Exercise directions: Copy out the data exactly, leaving the pictures behind.

Information supplied:

*** Begin section ***

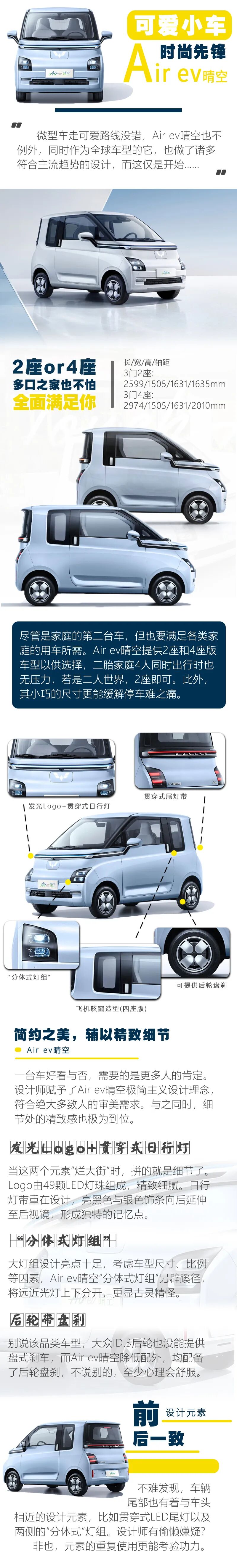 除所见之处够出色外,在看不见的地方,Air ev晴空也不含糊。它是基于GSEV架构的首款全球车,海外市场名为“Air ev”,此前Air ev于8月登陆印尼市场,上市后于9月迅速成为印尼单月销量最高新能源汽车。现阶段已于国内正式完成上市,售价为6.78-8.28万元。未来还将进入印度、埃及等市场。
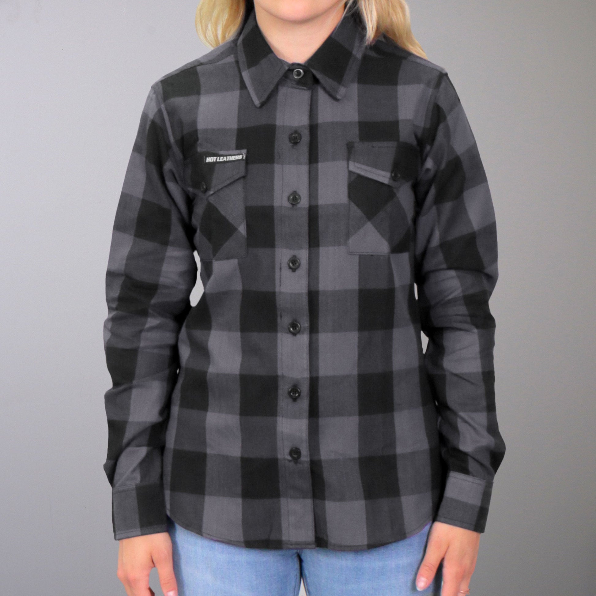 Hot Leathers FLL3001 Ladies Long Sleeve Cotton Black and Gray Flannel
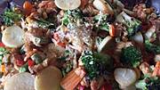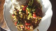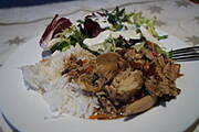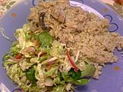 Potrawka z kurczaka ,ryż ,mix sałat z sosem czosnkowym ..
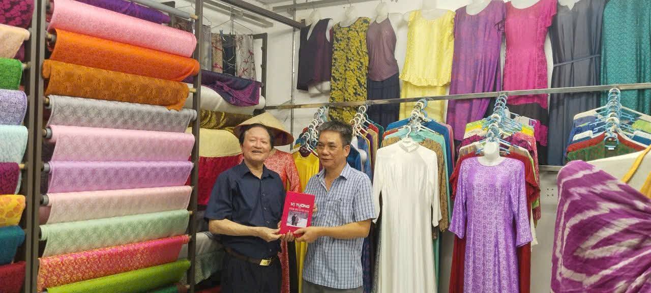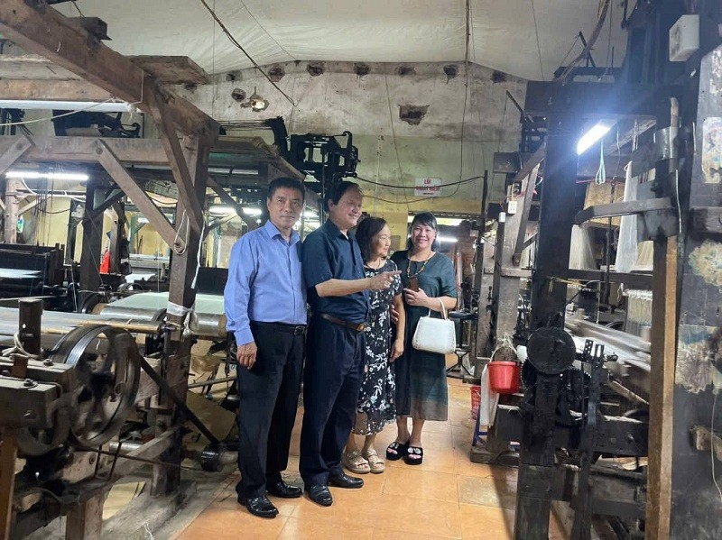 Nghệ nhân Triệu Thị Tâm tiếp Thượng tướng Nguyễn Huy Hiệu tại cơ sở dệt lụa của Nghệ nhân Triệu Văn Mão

*** End section ***

Exercise response:
 除所见之处够出色外,在看不见的地方,Air ev晴空也不含糊。它是基于GSEV架构的首款全球车,海外市场名为“Air ev”,此前Air ev于8月登陆印尼市场,上市后于9月迅速成为印尼单月销量最高新能源汽车。现阶段已于国内正式完成上市,售价为6.78-8.28万元。未来还将进入印度、埃及等市场。
 Hot Leathers FLL3001 Ladies Long Sleeve Cotton Black and Gray Flannel
 Potrawka z kurczaka ,ryż ,mix sałat z sosem czosnkowym ..
 Nghệ nhân Triệu Thị Tâm tiếp Thượng tướng Nguyễn Huy Hiệu tại cơ sở dệt lụa của Nghệ nhân Triệu Văn Mão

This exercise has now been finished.